With all images left out, restate the records below exactly as written.

#### Data records

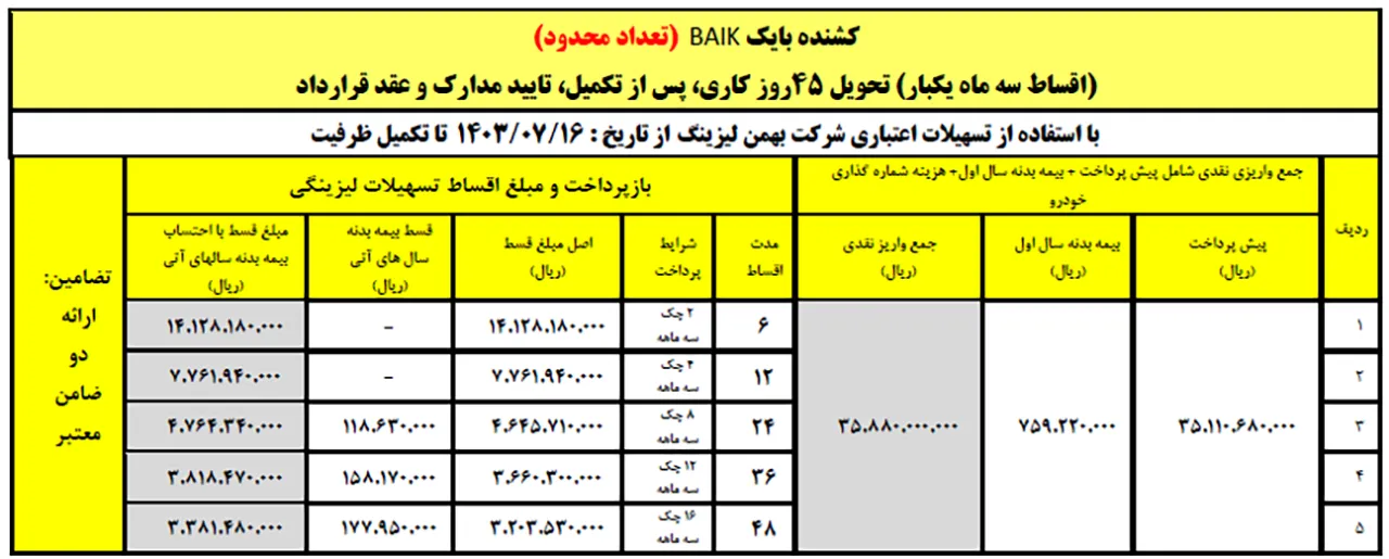 براساس اعلامیه شرکت بهمن لیزینگ، از ۱۶ مهرماه طرح فروش کشنده بایک با اقساط ۶، ۱۲، ۲۴، ۳۶ و ۴۸ ماهه با ارائه دو ضامن معتبر از طریق وبسایت https://bahmanleasing.bahman.ir آغاز میشود. براساس بخشنامه فروش لیزینگی شرکت بهمن دیزل، مبلغ پیشپرداخت کشنده بایک در این طرح ۳ میلیارد و ۵۱۱ میلیون و ۶۸ هزار تومان تعیین شده است که با احتساب نرخ بیمه بدنه ۷۵ میلیون و ۹۲۲ هزار تومانی، این مبلغ به سه میلیارد و ۵۸۸ میلیون تومان تبدیل میشود. تحویل کشنده بایک در این طرح، ۴۵ روز کاری پس از تکمیل مدارک، تایید مدارک و عقد قرارداد خواهد بود. خرید کشنده بایک در طرح فروش لیزینگی نیاز به ارائهدهنده ضامن معتبر دارد. مهمترین نکته در طرح فروش شرکت بهمن دیزل، امکان انتخاب بازپرداخت با چکهای ماهانه، دو ماهه و سه ماهه برای خریداران است.
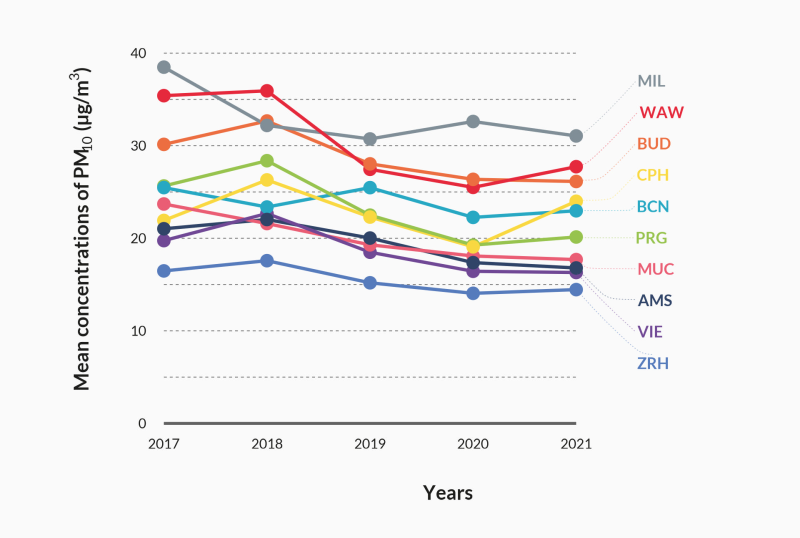 Monitoring PM10 concentrations is one way of measuring air quality. Their average concentration has been declining across the selected cities, except in Copenhagen, since 2017. At the same time, the differences between the cities are steadily decreasing. Prague maintains an average position.
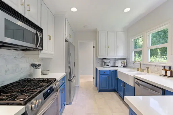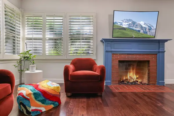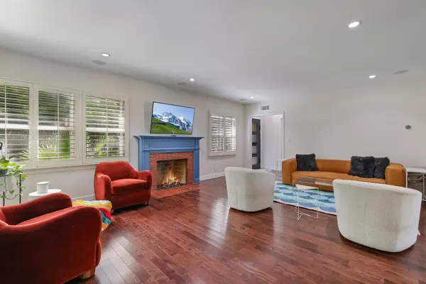 Inside, sunlight fills the open living area where hardwood floors and a custom fireplace create an inviting space for both everyday living and quiet evenings at home. The reimagined kitchen features sleek quartz countertops, a handcrafted Carrera marble backsplash, custom cabinetry, stainless steel appliances, and a farmhouse sink. Just off the kitchen, the formal dining area flows effortlessly outdoors to a private backyard retreat with a tiled patio, mature landscaping, and plenty of space for entertaining or unwinding.
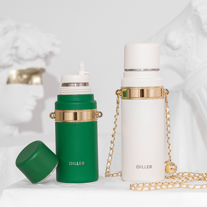 Diller Glamour Multifunction Thermo Water Bottle with Adjustable Strap 550ml (Green)
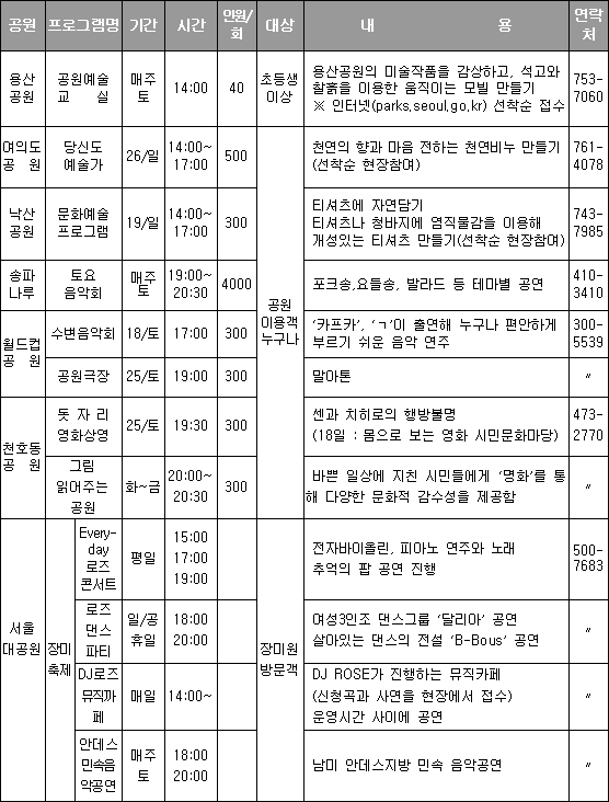 만들기를 해보는 ‘공원예술교실’을 운영하고 있다. 초등학생 이상이라면 누구나 참가가능하다. 송파나루공원과 월드컵공원에서는 매주 토요일 포크송, 요들송, 발라드 등 편안한 음악 위주로 선곡한 토요 음악회를 감상할 수 있다. 월드컵공원, 천호동 공원에서는 ‘말아톤’, ‘센과 치히로의 행방불명’ 등 가족, 친구, 연인과 함께 시원한 자연 속에서 영화를 감상할 수 있도록 했다.
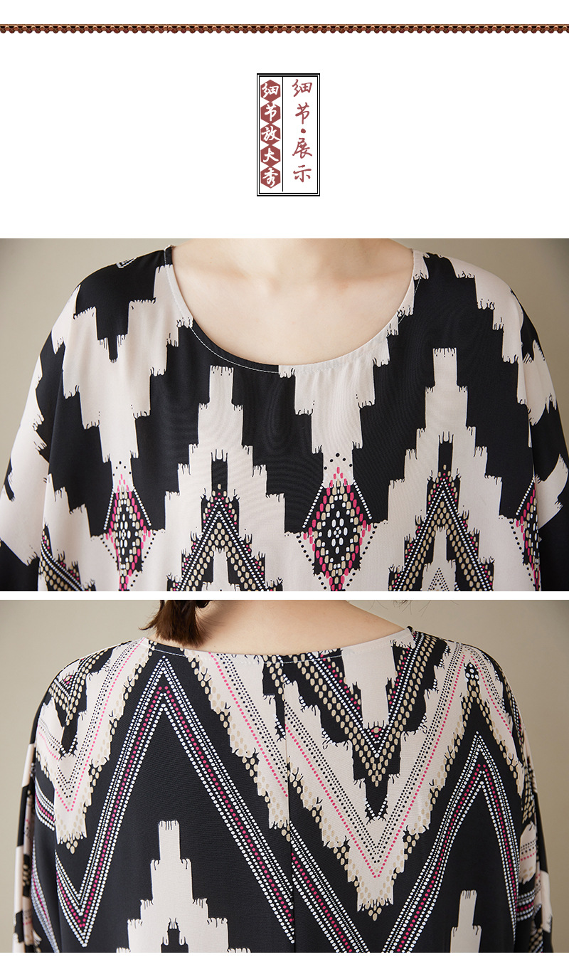 2025秋季新款圆领长袖宽松大摆印花连衣裙 中老年妈妈装外贸裙女

########

> [Final answer]:
 براساس اعلامیه شرکت بهمن لیزینگ، از ۱۶ مهرماه طرح فروش کشنده بایک با اقساط ۶، ۱۲، ۲۴، ۳۶ و ۴۸ ماهه با ارائه دو ضامن معتبر از طریق وبسایت https://bahmanleasing.bahman.ir آغاز میشود. براساس بخشنامه فروش لیزینگی شرکت بهمن دیزل، مبلغ پیشپرداخت کشنده بایک در این طرح ۳ میلیارد و ۵۱۱ میلیون و ۶۸ هزار تومان تعیین شده است که با احتساب نرخ بیمه بدنه ۷۵ میلیون و ۹۲۲ هزار تومانی، این مبلغ به سه میلیارد و ۵۸۸ میلیون تومان تبدیل میشود. تحویل کشنده بایک در این طرح، ۴۵ روز کاری پس از تکمیل مدارک، تایید مدارک و عقد قرارداد خواهد بود. خرید کشنده بایک در طرح فروش لیزینگی نیاز به ارائهدهنده ضامن معتبر دارد. مهمترین نکته در طرح فروش شرکت بهمن دیزل، امکان انتخاب بازپرداخت با چکهای ماهانه، دو ماهه و سه ماهه برای خریداران است.
 Monitoring PM10 concentrations is one way of measuring air quality. Their average concentration has been declining across the selected cities, except in Copenhagen, since 2017. At the same time, the differences between the cities are steadily decreasing. Prague maintains an average position.
 Inside, sunlight fills the open living area where hardwood floors and a custom fireplace create an inviting space for both everyday living and quiet evenings at home. The reimagined kitchen features sleek quartz countertops, a handcrafted Carrera marble backsplash, custom cabinetry, stainless steel appliances, and a farmhouse sink. Just off the kitchen, the formal dining area flows effortlessly outdoors to a private backyard retreat with a tiled patio, mature landscaping, and plenty of space for entertaining or unwinding.
 Diller Glamour Multifunction Thermo Water Bottle with Adjustable Strap 550ml (Green)
 만들기를 해보는 ‘공원예술교실’을 운영하고 있다. 초등학생 이상이라면 누구나 참가가능하다. 송파나루공원과 월드컵공원에서는 매주 토요일 포크송, 요들송, 발라드 등 편안한 음악 위주로 선곡한 토요 음악회를 감상할 수 있다. 월드컵공원, 천호동 공원에서는 ‘말아톤’, ‘센과 치히로의 행방불명’ 등 가족, 친구, 연인과 함께 시원한 자연 속에서 영화를 감상할 수 있도록 했다.
 2025秋季新款圆领长袖宽松大摆印花连衣裙 中老年妈妈装外贸裙女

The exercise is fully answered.